**Task item**. What you give back must match the data exactly, minus the pictures.

*** Source information ***

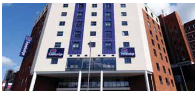
The budget chain aims to be the largest brand in London by 2012
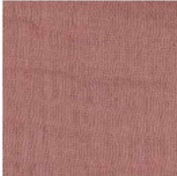
09959.048 OLD BLUSH
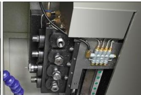
4+4 living tools

Specification of Universal TCK50 Mini Metal Lathe Horizontal Lathes driven turret lathes for metal with CE:
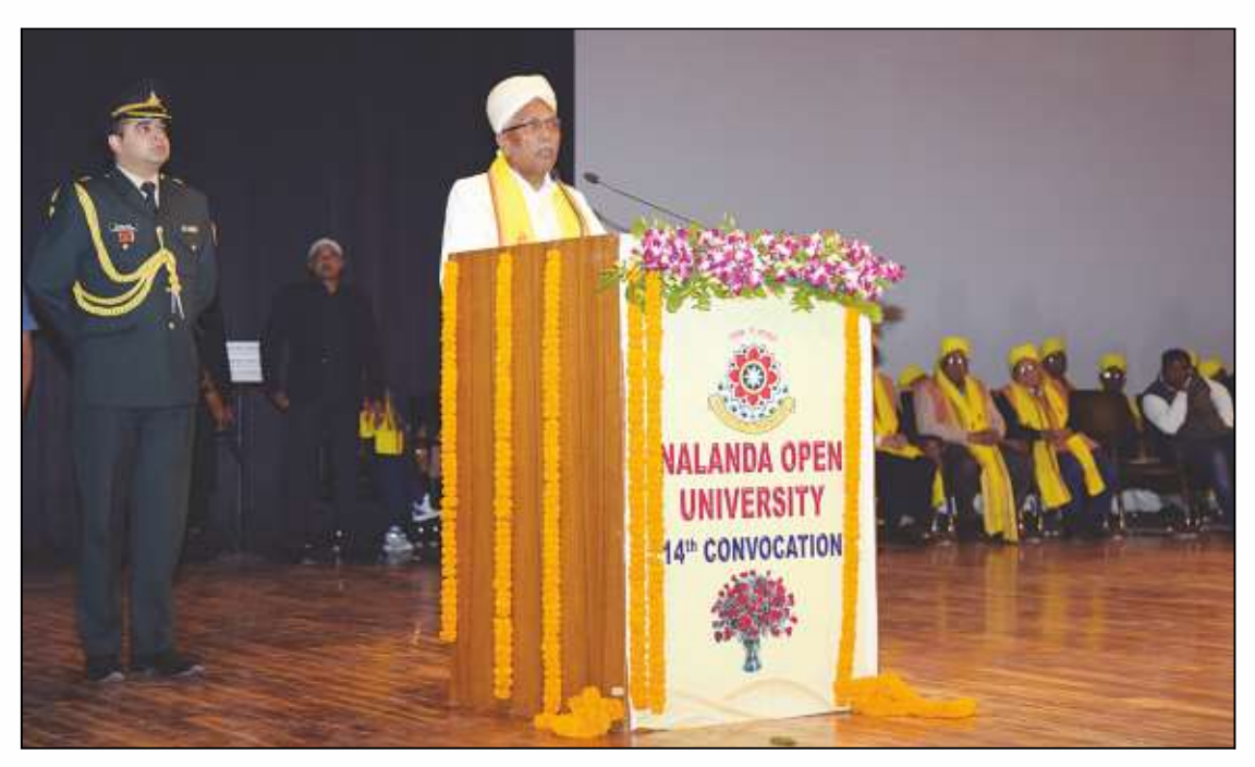
H.E. Governor Hon'ble Fagu Chauhan addressing in 14th Convocation of the University

shall be in a ratio of 80:20 respectively as is given in the details of different papers of each programme. Term-end final examination will be held at the end of each Academic session. As per new rules it will be necessary for all students to pass in each Part of the examination separately before they are promoted to the other Part. Further, in order to pass each Part of the examination, every student will be required to secure at least 33% of marks in each paper. Consisting of both the term end written examination and practical examination/ home assignment, as the case may be, taken together and percentage determined accordingly. However, if a candidate has failed to appear and secured zero mark in the term end written examination or practical examination/home assignment, as the case may be, in any paper, he/she will be deemed to have failed in that paper. Failure in one paper will mean failure in examination. Hence students must strive hard to pass in all the papers separately.
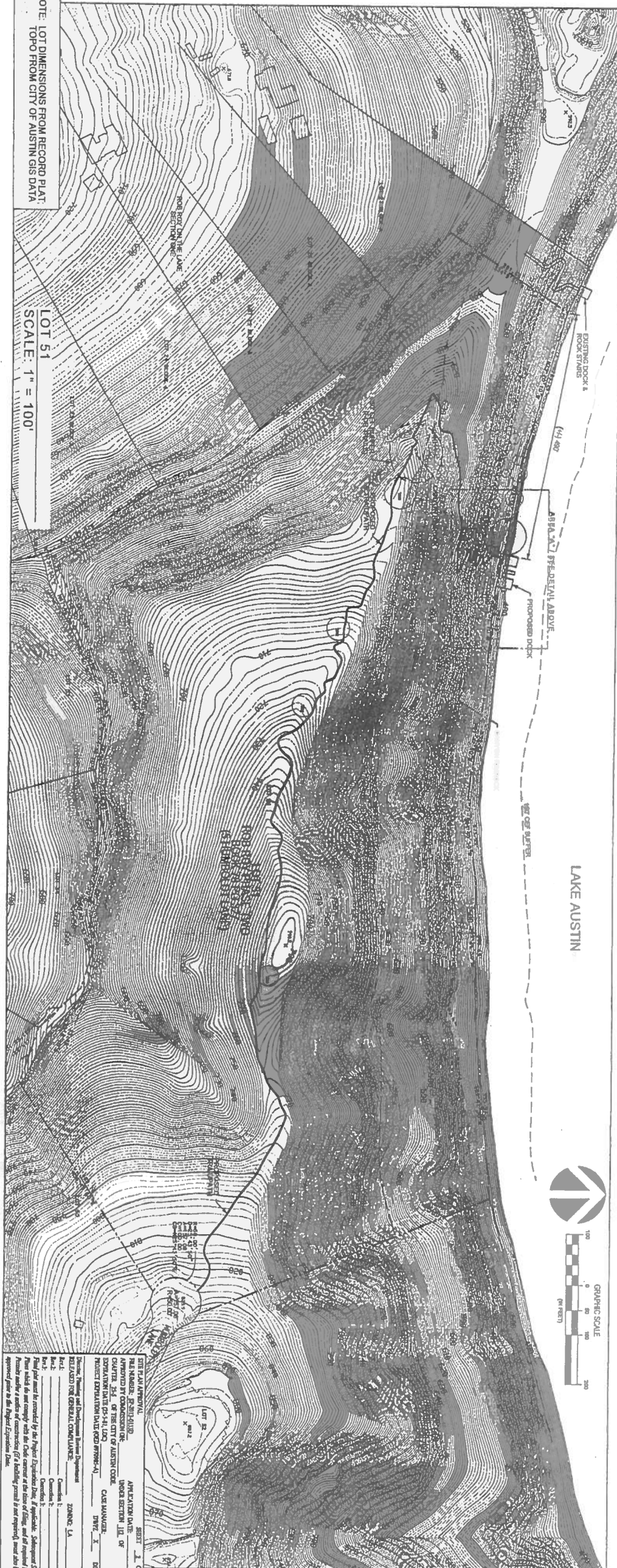
NOTE: LOT DIMENSIONS FROM RECORD PLAT TOPO FROM CITY OF AUSTIN GIS DATA

*** End of Source information ***

**Solution for this task**.
The budget chain aims to be the largest brand in London by 2012
09959.048 OLD BLUSH
4+4 living tools

Specification of Universal TCK50 Mini Metal Lathe Horizontal Lathes driven turret lathes for metal with CE:
H.E. Governor Hon'ble Fagu Chauhan addressing in 14th Convocation of the University

shall be in a ratio of 80:20 respectively as is given in the details of different papers of each programme. Term-end final examination will be held at the end of each Academic session. As per new rules it will be necessary for all students to pass in each Part of the examination separately before they are promoted to the other Part. Further, in order to pass each Part of the examination, every student will be required to secure at least 33% of marks in each paper. Consisting of both the term end written examination and practical examination/ home assignment, as the case may be, taken together and percentage determined accordingly. However, if a candidate has failed to appear and secured zero mark in the term end written examination or practical examination/home assignment, as the case may be, in any paper, he/she will be deemed to have failed in that paper. Failure in one paper will mean failure in examination. Hence students must strive hard to pass in all the papers separately.
NOTE: LOT DIMENSIONS FROM RECORD PLAT TOPO FROM CITY OF AUSTIN GIS DATA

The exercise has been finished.